Toxicity was evaluated using withdrawals and dropouts (total and organ‐specific).

Search methods for identification of studies

An electronic literature search was conducted using MEDLINE, from 1966 to 1997, using the search strategy developed by the Cochrane Collaboration (Dickersin 1994). The search was complemented with bibliography searching of the reference list of the trials retrieved from the electronic search. Key experts in the area were contacted for further published and unpublished articles.

Data collection and analysis

Data extracted from the publications included study characteristics and outcome measures of efficacy and toxicity. The toxicity results were generally reported as overall results at the end of the trial, and were therefore pooled for different trial follow‐ups. Toxicity was analyzed using a pooled odds ratio for total withdrawals, and dropouts and withdrawals for specific reasons.

Heterogeneity was estimated using a chi‐square test. Fixed effects models were carried out throughout, except when heterogeneity existed, in which case, a random effects model was used.

Results

Description of studies

Three RCTs met the criteria for inclusion (Tugwell 1990, Dougados 1988, Forre 1994). One study was excluded (Van Rijthoven 1986) because of the high dose of cyclosporine (10 mg/kg/day) used. Tugwell did not use the Ritchie index but the number of joints (0 to 68 for tender and 0 to 66 for swollen joints). Forre used a pain score from 0 to 4 whereas Tugwell and Dougados used a 10 cm visual analogue scale (VAS) for pain. Duration of morning stiffness was measured in hours by Tugwell and in minutes in the other studies. The Lee functional index was not used by Tugwell. Different scales were used to assess patient or physician overall assessment. These assessments were transformed to a 7 point scale from ‐3 to 3.

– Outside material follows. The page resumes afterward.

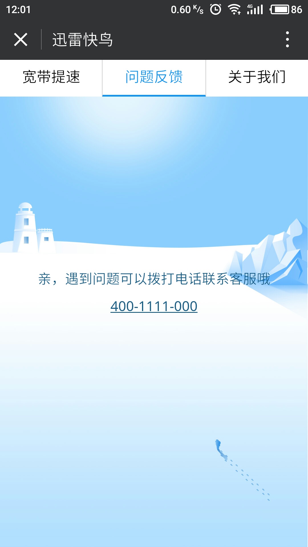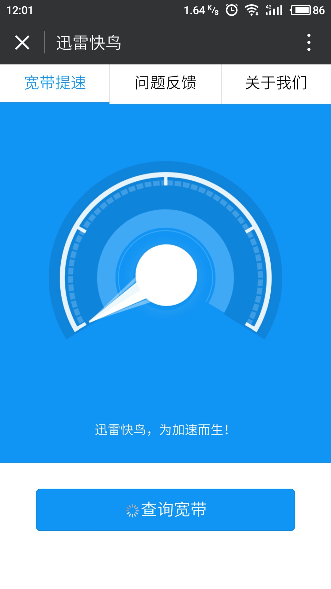 微信迅雷快鸟Lite小程序支持中国电信、中国联通宽带网络,可对家庭宽带最高提升至100M,是解决上网体验差,网速不给力的终极神器。 迅雷快鸟lite小程序内容: 迅雷快鸟是迅雷联合宽带运营商推出的一款致力于帮助用户解决宽带低、网速慢、上网体验差的专业级宽带加速软件。 迅雷快鸟lite小程序与app对比: 快鸟Lite小程序目前仅提供了【宽带提速】功能,以及问题反馈 快鸟app则提供了【宽带提速】、【流量节省】、【WiFi热点】三大功能 相比而言,当然是快鸟app功能更全,若你只需要

Risk of bias in included studies

The methodological quality of the studies was assessed independently by 2 of the reviewers (BS, DH) using a validated and published quality scale (Jadad 1996). This scale includes an assessment of randomization, double‐blinding procedures and description of withdrawals. The possible range of scores is 0 (worst) to 5 (best). Two of the studies had a score of 4 and the other a score of 5. The kappa for agreement between observers on the quality scores was 1.0.

Effects of interventions

There was a statistically significant reduction in the number of tender (SMD=‐0.60, 95% CI: ‐0.934, ‐0.266) and swollen (SMD=‐0.623, 95% CI: ‐0.851, ‐0.395) joints using cyclosporine compared to placebo. Statistically significant differences favouring cyclosporine were also observed for pain, Lee's functional index and Ritchie joint score.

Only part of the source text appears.